READ | Covid-19: SA records 13 347 new cases as death toll climbs by 226

The Muslim Judicial Council SA (MJCSA) stated that all Masajid must temporarily suspend all activities for the next 14 days.

"The new Delta variant and its level of transmissibility, as well as the preventative measures adopted by our government, have necessitated that the manner in which Muslims conduct their religious obligations align with the universal imperative of containing the spread of the virus," the MJCSA said in a statement.

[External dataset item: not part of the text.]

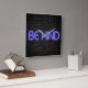 Muro de ladrillo urbano iluminado con texto BE KIND en brillantes luces de neón morado.

"Muslims, as much as they carry the obligation of certain religious observances, also share with all the other South Africans and citizens of the world the civil responsibility of ensuring safety and preserving life."

'Goal of saving lives'

READ | Covid-19: Western Cape teachers brace the cold to be vaccinated

Synagogues had already closed in some parts of the country before the announcement of the new restrictions, said SA Jewish Board of Deputies national director Wendy Kahn.

"Jewish religious leadership, in consultation with medical experts, took the decision to close Gauteng synagogues two weeks ago in light of escalating rates of infection," she said.

She said:

It is incredibly hard for religious communities to not be able to join together in prayer, especially during such challenging times. However, we understand the imperative of limiting gatherings to curb the further spread of the virus and, with the goal of saving lives, support these measures.

Archbishop of the Anglican Church of Southern Africa Thabo Makgoba said many churches had already moved to online services before the president's announcement.

"Church dioceses in Gauteng and one in the Western Cape had already moved all their services online before the president prohibited all gatherings. [I] have always urged bishops to make protecting the lives and health of church members their top priority, and [my] Covid advisory team always advises churches to err on the side of caution," he said.